Up 科学の存在論のスケール : 要旨 作成: 2019-05-28
更新: 2019-05-28


    哲学の存在論がどれほどのものかをはっきり示してくれるのが,科学の存在論のスケールである。

    哲学の存在論は,哲学者が独り机に向かい「ここにコーヒーカップがあるが,さてこれは‥‥‥」のような論をつくる。
    科学の存在論は,今日ではスケールが下はニュートリノの 10−18 m から上は宇宙空間の 1027m にわたる。
    このスケールの存在の探求は,人海戦術になる。
    無数の科学者が携わって醸成されてくるのが科学の存在論である。

    科学の存在論は,存在階層論をこれの形にする。
    《あるスケールの個の系は,一段上のスケールの個になる》というものである。( 『「系-個」存在論』)
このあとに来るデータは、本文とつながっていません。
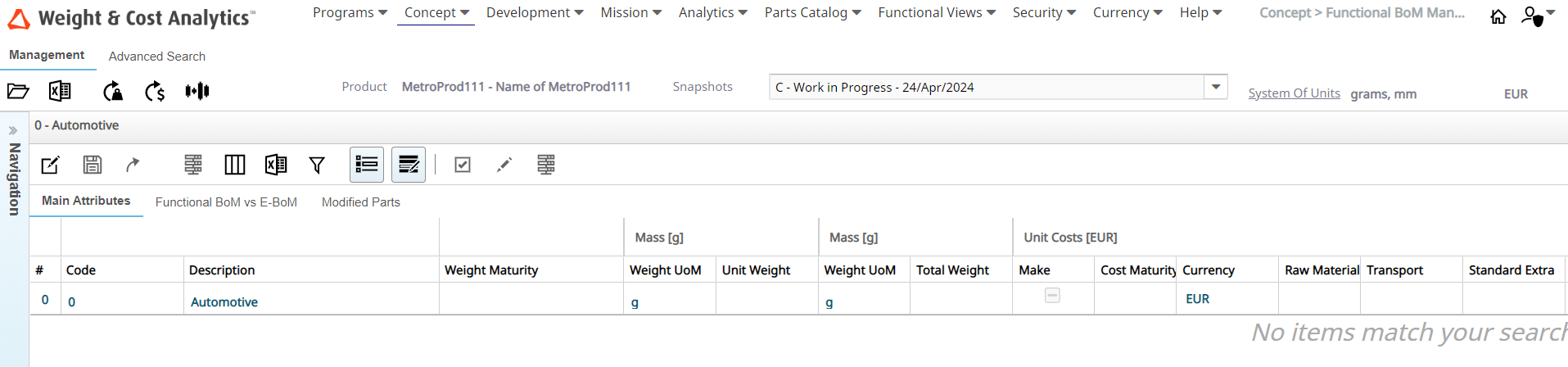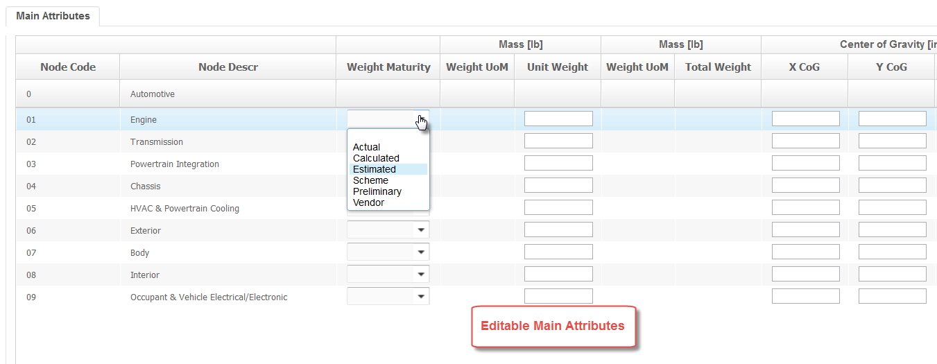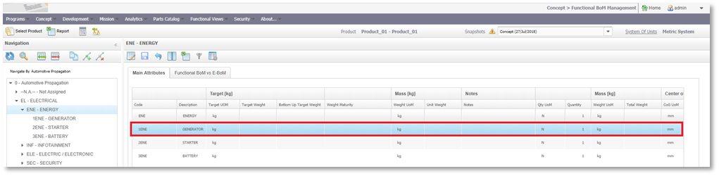 WA allows you to edit and modify the Main Attributes of the Systems added to the Concept.
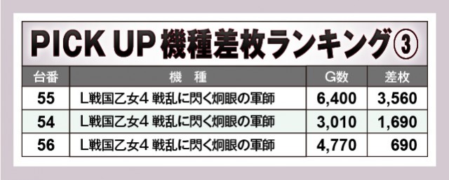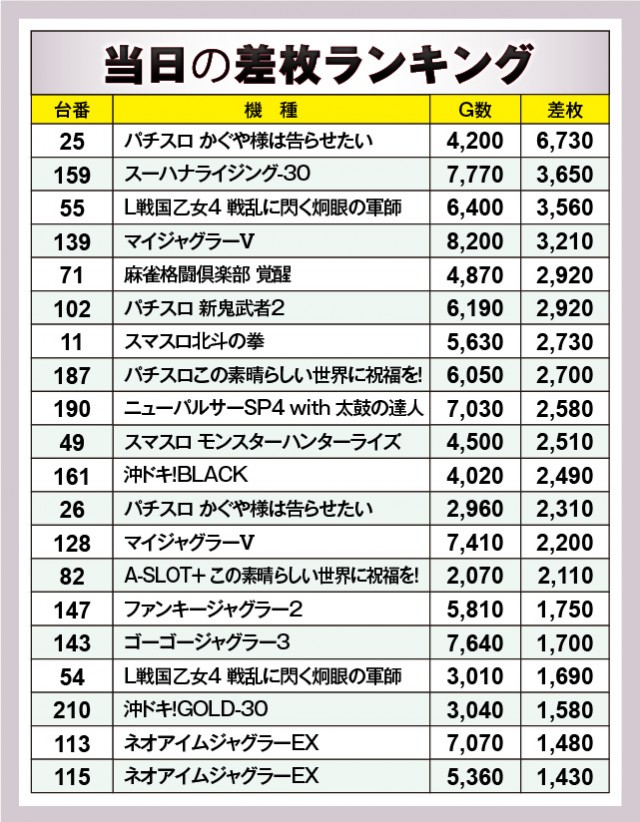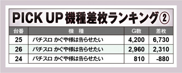 『パチスロ かぐや様は告らせたい』にて6,730枚の大台突破が飛び出し、当日の店内の盛り上がりを牽引。さらに『スーハナライジング-30』『L戦国乙女4 戦乱に閃く炯眼の軍師』もまとまった出玉で追随しており、ファンは力強くレバーを叩けたことだろう。沖スロ・ノーマル機も名を連ねている点から、スペック問わず幅広い機種で楽しめる1日だったのが窺えるばかりだ。
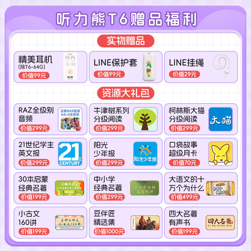 听力熊T6听力学习机复读机英语背单词神器小学初中高中口袋随身听力宝磨耳朵好学多64G价格:698.00元!
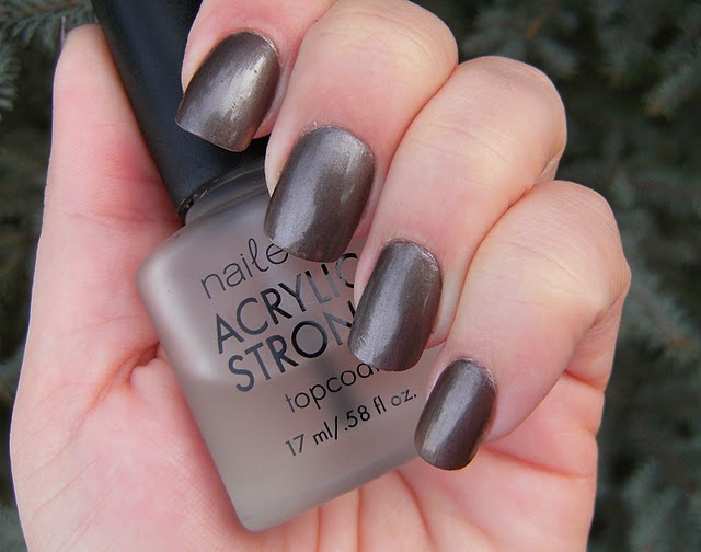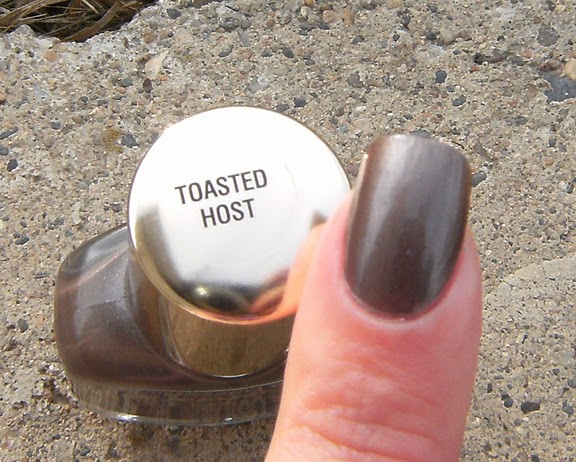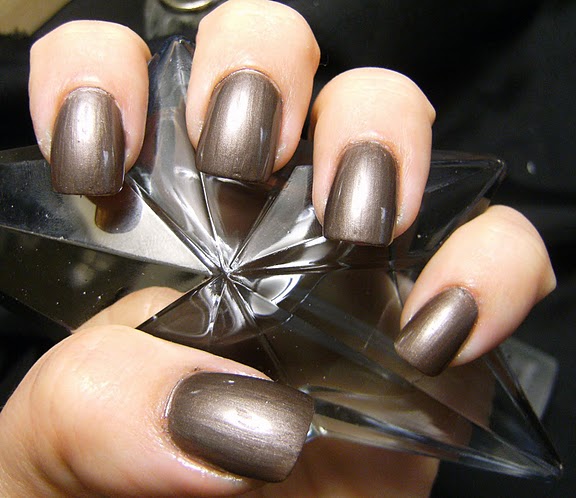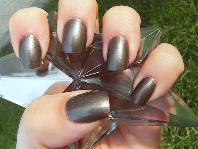 I am reluctant to admit that I have spent almost 45 minutes hunting around on the interwebz trying to find another photo of this polish, as well as a good description for it. I would say it is an "antique metallic dingy taupe". I found this at a discount store in my town I remember this polish from when it came out.... it is a long discontinued color. It was very thick & I did have some brush marks. Other than that I think this is a great color but I would like it to be more on the shimmer/creme side rather than how appears to have a subtle frost to it. It dried quickly, but that didn't stop me from adding a few dents and scrapes ( dang it! ) ~ But I will be layering another pretty polish over this shortly.

      これを「存在の真実」と言うのは憚られる。 一応「探求の都合による」と言っておく。 ──実際,巨大なスケール巾の存在は,スケールを区分して探求するのみである。

    哲学でも,「量から質への転換」を言ったヘーゲルは,存在階層を見ていたことになる。
    ヘーゲルの存在論 (「弁証法」) は進化論的であるが,存在に進化を見る眼は,存在を変化として見る眼として,存在に階層を見る眼と通ずるわけである。